OpenAI Launches WebSocket Mode to Cut Latency in Agent Pipelines
SAN FRANCISCO — OpenAI has introduced a WebSocket-based execution mode to reduce latency in agentic workflows, according to InfoQ. The feature targets developers building real-time, multi-step agent pipelines on OpenAI’s platform.
WebSocket connections maintain a persistent, bidirectional communication channel between client and server, eliminating the overhead of repeated HTTP request-response cycles that can slow down complex agentic operations.
The move addresses a challenge for developers constructing agentic applications — systems in which AI models autonomously execute sequences of tasks, call tools, and make decisions across multiple steps. In traditional REST API architectures, each step in an agent’s workflow requires a separate HTTP request, introducing cumulative latency that compounds as pipelines grow more complex.
By shifting to WebSockets, OpenAI enables a single persistent connection over which multiple exchanges can occur with minimal overhead, a design pattern well-suited to the back-and-forth nature of agent-tool interactions.

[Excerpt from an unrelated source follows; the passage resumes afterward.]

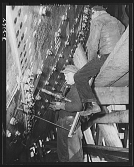 - Shell plates of a ship at the bow, where the inner plates are first bolted to the outer plates for added strength. The rivets are countersunk to be flush on the outer side. Production scene in a large Eastern shipyard. Bethlehem-Fairfield Shipyards Inc., Baltimore, Maryland

The release comes as major AI providers invest in agentic infrastructure tooling. Anthropic, Google DeepMind and other labs have similarly invested in protocols — including Anthropic’s Model Context Protocol and Google’s Agent-to-Agent protocol — designed to make multi-step AI agent deployments faster and more reliable.
For enterprise customers and developers in the United States, where the bulk of OpenAI’s commercial user base is concentrated, the WebSocket mode could prove particularly relevant for production-grade agent systems handling customer service automation, code generation pipelines and research workflows that demand low-latency responsiveness.